On my rockwells I flipped and rewelded the centers on the rims after the tires were mounted. I figured everything was thick enough so no worries. I also welded the split rings on AFTER mounting. Again, some 6011 rod to burn through the CARC (deeelish!) and those rings are on permanently. It looks like I'm going to toast these (old-ish) tires before long, but that's ok because the rims are cheap (as you well know).
With my 52/53's (16.00x20), I had to get the TDS tire guys to use their big ass tire crane to push down on the bead to mount while we they hit it down with a duckbill mallet. Hey, another thing - the big ass tires want to grab the rim and roll when mounted. It might be good to take a grinder and radius, yes, grind on the rubber, of the inside edge of the outside bead, or in other words, the first part of the second tire bead that touches the rim. Loads of lube will help the mounting, but it also increases the chance that your tires will spin on the rim at LOW psi.

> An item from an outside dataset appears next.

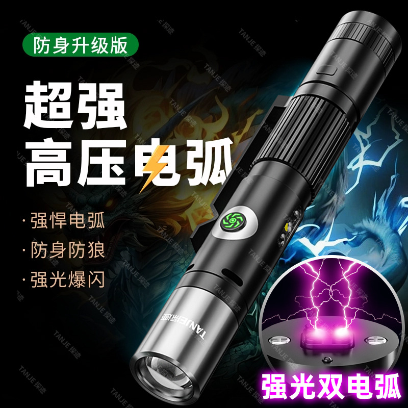 屋外懐中電灯高電圧アーク自己防衛懐中電灯強力な光フラッシュ SOS 信号伸縮ズーム充電式懐中電灯

Now. I wheel these things at 0 psi. I've already spun one wheel past the point where I can fill it up. I suggest that you keep at least a few PSI in there if you can.... this might stop them from spinning (or do the new fangled screw locks... I had always intended to drop a box of 5/16" lag bolts in each wheel but christ if I had the time).
Big tires are cool.
Oh yeah, and with regards to filling these, take all precautions stated. If you're not a believer, look at the sidewall, and look at how many single square inches are on that sidewall (the area of the sidewall, which is 1800 square inches on a 53). Then multiply by PSI inside the tire. You realize that there are TENS OF THOUSANDS of pounds of force that will accellerate that 15 lb ring at many hundreds of times the force of gravity*. Split rims are shaped charges in disguise and that ring will cleanly separate body from appendage if given the chance.
Bob
*The math
· sidewall area of a 16r20 is 1800 in².
· a 53 fully aired up is like 90 psi, and 1800*90=162 THOUSAND POUNDS OF FORCE
(granted, you'd never air this up to 90 unless you were working on the FANTASTIC M1070 SuperHET, aka the best truck ever made)
· Ok, so let's go to SI units because they are easy. Let's say, that ballpark, the force on the ring is 10,000 times gravity, or will produce roughly 100 km/s². Over just 10 cm of distance (let's say that the tire will stop pushing the ring after only 4 inches), this will accelerate the ring for only .0009 seconds. That's fast enough, however, to accelerate it to 89 meters-per-second.
Coming back to English measurements, that equates to about 200 mph.
Ok, this is all totally back of the envelope and rough, and the tire probably blows out maybe twice the distance (resulting in about, say, 3-something times the total speed), but a 15 lb ring going that fast is going to be really painful. Shit, I dunno. My math is rough but bottom line, those rings go HELLA fast.